Hello all! I have a question about generating posterior predictive samples for out of sample values using a Latent GP and Binomial likelihood.
The data is like:
x =
time points
z =
number of trials of the Binomial at time x
y =
number of successes at time x.
I split my data into train and test sets then:
My model is:
with pm.Model() as model:
model.add_coord("obs_id", z_train.flatten(), mutable=True)

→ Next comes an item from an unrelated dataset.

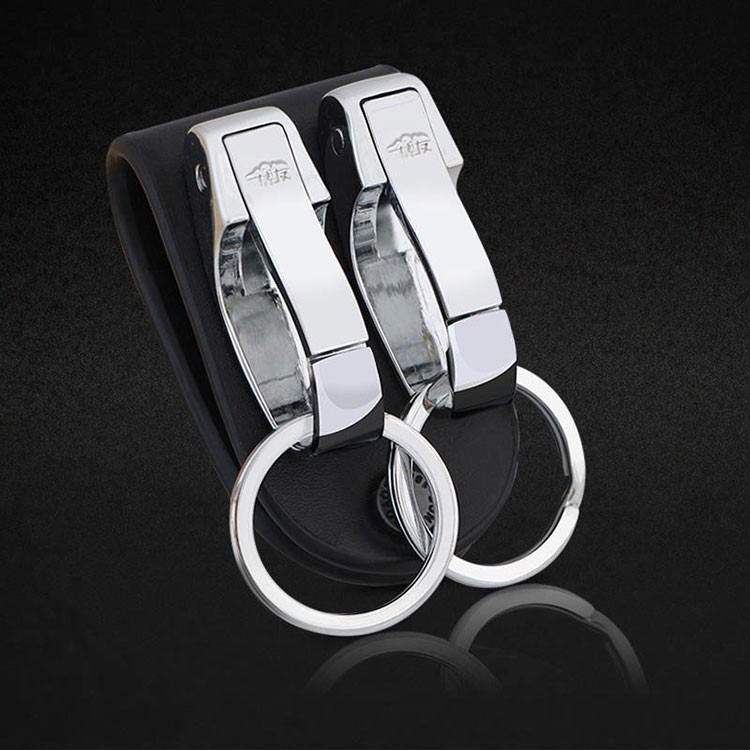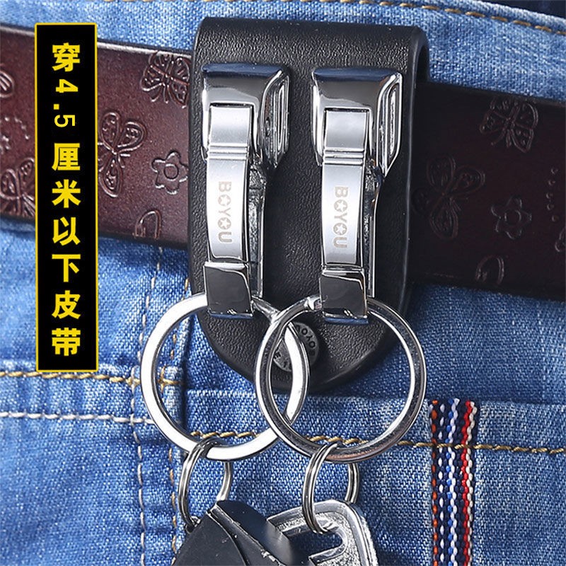博友双层牛皮双环穿皮带钥匙扣男士腰挂汽车腰式扣创意真皮钥匙链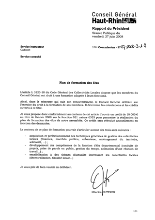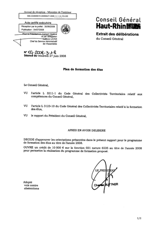 PLAN DE FORMATION DES ELUS Resumé Pièces jointes DELIBERATION RAPPORT Assemblée : Conseil General Date : 27/06/2008 Rapporteur : Non défini Collectivité : Conseil départemental du Haut-Rhin Direction : Non défini Service : Cabinet Domaine : Environnement Commission : Assemblée Départementale

## Data containers to enable prediction
trials = pm.MutableData("trials", z_train.flatten(), dims="obs_id")
successes = pm.MutableData("successes", y_train.flatten(), dims="obs_id")
t = pm.MutableData("t", x_train)
# Seasonal component.
ls = pm.Gamma(name='ls_1', alpha=2.0, beta=1.0)
period = pm.Gamma(name='period', alpha=52.1429, beta=2)
gp_seasonal = pm.gp.Latent(cov_func=pm.gp.cov.Periodic(input_dim=1, period=period, ls=ls))
# Linear trend.
c_3 = pm.Normal(name='c_3', mu=1, sigma=2)
gp_linear = pm.gp.Latent(cov_func=pm.gp.cov.Linear(input_dim=1, c=c_3))
# Define gaussian process.
gp = gp_linear + gp_seasonal
logit_prob = gp.prior("logit_prob", X=t)
# Likelihood.
likelihood = pm.Binomial("likelihood", logit_p=logit_prob, n=trials, observed=successes)
Then we sample:
with model:
# Sample.
trace = pm.sample(draws=500, chains=2, tune=500, cores=1)
I have to do cores=1
because I am on a Mac M1.
Now I want to do posterior predictive sampling on the test data. (and for the training data to check in-sample fit).
I tried:
with model:
pm.set_data(
{
"t": x_train,
"trials": z_train.flatten(),
"successes": y_train.flatten()
},
coords={"obs_id": z_train.flatten()}
)
y_train_pred_samples = pm.sample_posterior_predictive(
trace,
var_names=['logit_prob'],
return_inferencedata=True
)
pm.set_data(
{
"t": x_test,
"trials": z_test.flatten(),
},
coords={"obs_id": z_test.flatten()}
)
y_test_pred_samples = pm.sample_posterior_predictive(
trace,
var_names=['logit_prob'],
predictions=True,
return_inferencedata=True
)
but I get an error because the length of y_train
is the old obs_id
and not the length of y_test
.
What is the correct format to do OOS posterior predictions for this type of model?
Thanks!